I have about 60 pairs of binary values. The first elements of the pairs form one set ("set A"), and the second elements of the pairs form a second set ("set B"). Each pair is associated with a number. To illustrate (with the binary values indicated as - or +):
| number ($n$) | set A | set B |
|---|---|---|
| 1e1 | - |
- |
| 1e1 | - |
- |
| 4e1 | - |
- |
| 1e2 | - |
- |
| 2e2 | - |
+ |
| 1e3 | + |
- |
| 2e3 | + |
+ |
| 5e3 | + |
+ |
| 1e4 | + |
+ |
| 3e4 | + |
+ |
Note the binary values tend to be - when the number is small and + where the number is big. This is because the probability of being + increases with the number. We imagine that there are (unknown) functions $p_A(n)$ and $p_B(n)$ that, given a number $n_i$, return the probability of a value being +; set A is sampled from the probability distribution output by $p_A(n)$, given a set $n$ of numbers $n_i$. So for example suppose $p_A(1e1)=0.001$; we wouldn't be surprised to see a - for $n_i=1e1$. (Apologies if the notation is non-standard.)

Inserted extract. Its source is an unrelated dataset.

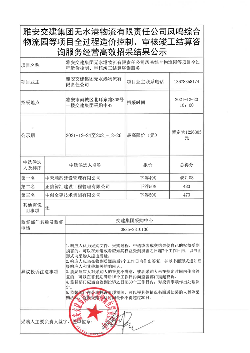 雅安交建集團(tuán)無(wú)水港物流有限責(zé)任公司鳳鳴綜合物流等項(xiàng)目全過(guò)程造價(jià)控制、審核竣工結(jié)算咨詢(xún)服務(wù)經(jīng)營(yíng)高效招采結(jié)果公示

I would like to test the null hypothesis that set A and set B are drawn from the same overall distribution. The interaction with $n$ is what's confusing me. I think my question is the same as asking whether $p_A(n)=p_B(n)$, but don't know how to test that null hypothesis, either. I feel there must be some reasonably well known, probably eponymous test for this, but couldn't find what it could be. I'd prefer to use such a test, than re-invent the wheel. Does anyone know? Do you have one or more references?
Specifically, I would like to avoid, e.g., logit fits and KS of the logit fits, because of propagation of errors of the fit parameters (though if someone here tells me, "no, that's absolutely the standard way to do it and here's a reference!, I'm happy to reconsider.)
Help is appreciated---thanks!